FIG. 2 is R _0,7 An acoustic wave mode guided harmonic mode locking laser temperature sensing schematic.

First, the principles of an opto-mechanical harmonic mode-locked laser will be described. When a laser pulse propagates in the optical fiber, an acoustic wave is generated, which is transmitted transversely along the optical fiber due to the electrostrictive effect, and the acoustic wave vibration changes the material density, which causes the refractive index of the optical fiber to change, which in turn modulates the pulse. When the driving pulse energy reaches the threshold E _p When the pulse duration is much shorter than the acoustic lifetime and the resonant frequency Ω of the acoustic wave in the fiber is an integer multiple of the repetition frequency of the mode-locked laser, the resonant frequency will be amplified by oscillation and suppress other frequencies. The conditions for implementing an opto-mechanical higher order harmonic mode-locked laser can be expressed as:

wherein, delta epsilon _r (z, t, r, θ) is the modulation of the dielectric constant of the material due to photoacoustic interactions, γ _e Q is the overlap integral between the light field fundamental mode and the forward stimulated Brillouin scattering acoustic wave mode, E _p Is pulse energy ρ _a (R, θ) is the i-th order (i=1, 2,3 …) acoustic mode R _0,i Q is the propagation constant of the acoustic wave along the single mode fiber axis, n and a are the effective refractive index of the single mode fiber and the mode field area of the fundamental optical mode, respectively, c is the speed of light in vacuum, ρ ₀ Is the density of silicon dioxide Γ _B Is the brillouin line width and,is the phase offset between the sound wave and the pulse train driving it.

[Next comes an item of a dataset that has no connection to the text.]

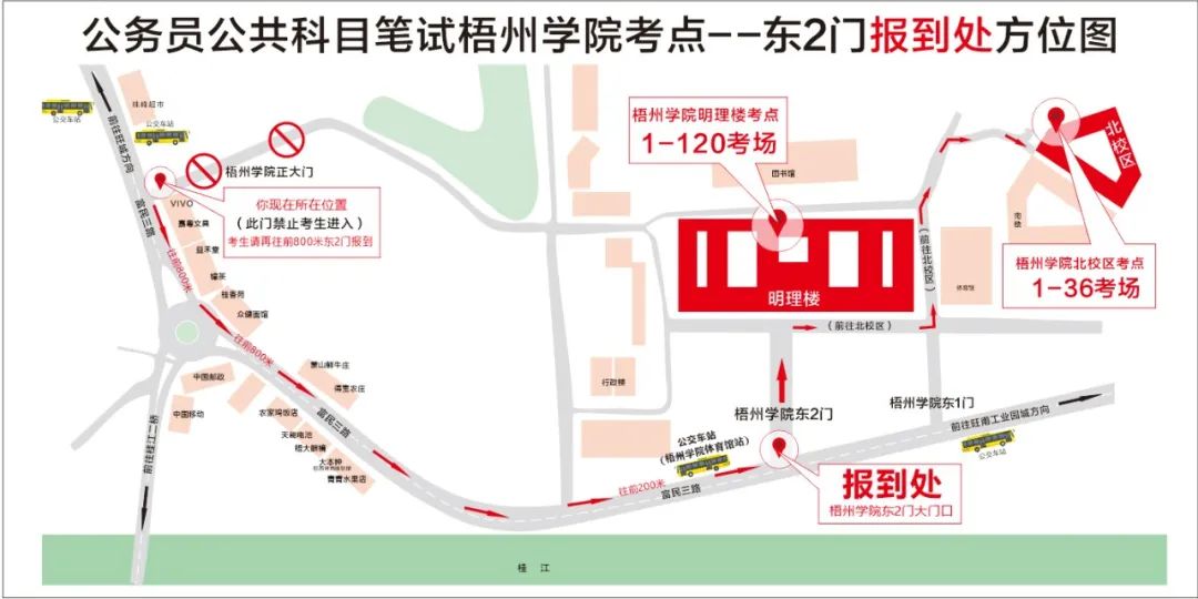 公交車參考:乘坐10路、32路、49路、49路延長線、蒼梧城鄉(xiāng)6路到梧州學(xué)院體育館站,下車后步行約200米到達(dá)梧州學(xué)院東大門。考生統(tǒng)一在梧州學(xué)院東大門進(jìn)入,考點門口處于交通干道,送考車輛只能在東門外短暫停留,梧州學(xué)院南門及其他門無法核驗考生身份。從東大門進(jìn)入明理教學(xué)樓考點考場步行約5分鐘,進(jìn)入北校區(qū)教學(xué)樓考點考場步行約15分鐘,請規(guī)劃好進(jìn)入考點時間。

From equation (4), the amplitude of the generated sound wave is equal to (4δ) ² +Γ _B ² ) ^1/2 Inversely proportional. According to the phase matching condition, when->The acoustic gain will occur in the (0, pi) interval and at +.>The maximum value is obtained.

Specifically, the total cavity length l=116.7m of the laser corresponds to the cavity round-trip frequency f= 1.7563MHz, and the 7 th-order acoustic wave mode R of forward brillouin scattering in the single-mode fiber is adopted _0,7 Corresponding resonant frequency omega _0,7 = 319.9MHz, about 182 times the laser cavity round trip frequency f. According to the principles of the optomechanical high-order mode-locked laser and the phase matching conditions, when the pumping power of the 980nm wavelength pumping source reaches a threshold value, an automatic mode-locked state with the resonant frequency of 319.63MHz can be obtained by carefully adjusting the polarization controller 4 and the polarization controller 6. At this time, the corresponding longitudinal mode of 319.63MHz oscillates, and other longitudinal modes are effectively suppressed, so that stable single-longitudinal-mode output with the longitudinal mode frequency of 319.63MHz can be finally obtained.

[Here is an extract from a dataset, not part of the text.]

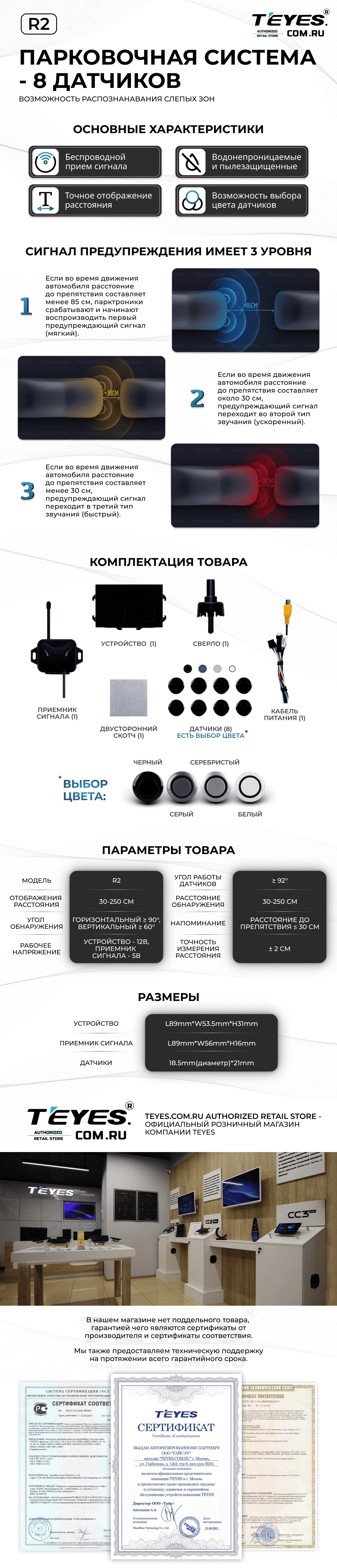 Передние и задние парктроники Teyes R2 для CC4 Pro / CC4 / CC4L / CC3 2K / CC3 / CC3L / CC2 Plus / SPRO Plus / TPRO2 / LUX ONE (Серебристые) 8-датчиков - купить всего за 19 900 руб. в интернет-магазине в Барнауле Teyes.com.ru. ✓ Самый лучший выбор мультимедиа ✓ Лучшая замена штатному ГУ ✓ Тел. +7 (800) 775-31-74

Then, a temperature sensing principle of single longitudinal mode output of the optomechanical high-order harmonic mode-locked laser is introduced. When the external temperature changes, the length L of the sensing optical fiber is changed, so that the cavity length L of the whole mode-locked optical fiber laser is affected, the frequency of a sensing signal to be detected is shifted, and the relation between the frequency shift deltaf and the temperature change deltaT can be expressed by a formula (3).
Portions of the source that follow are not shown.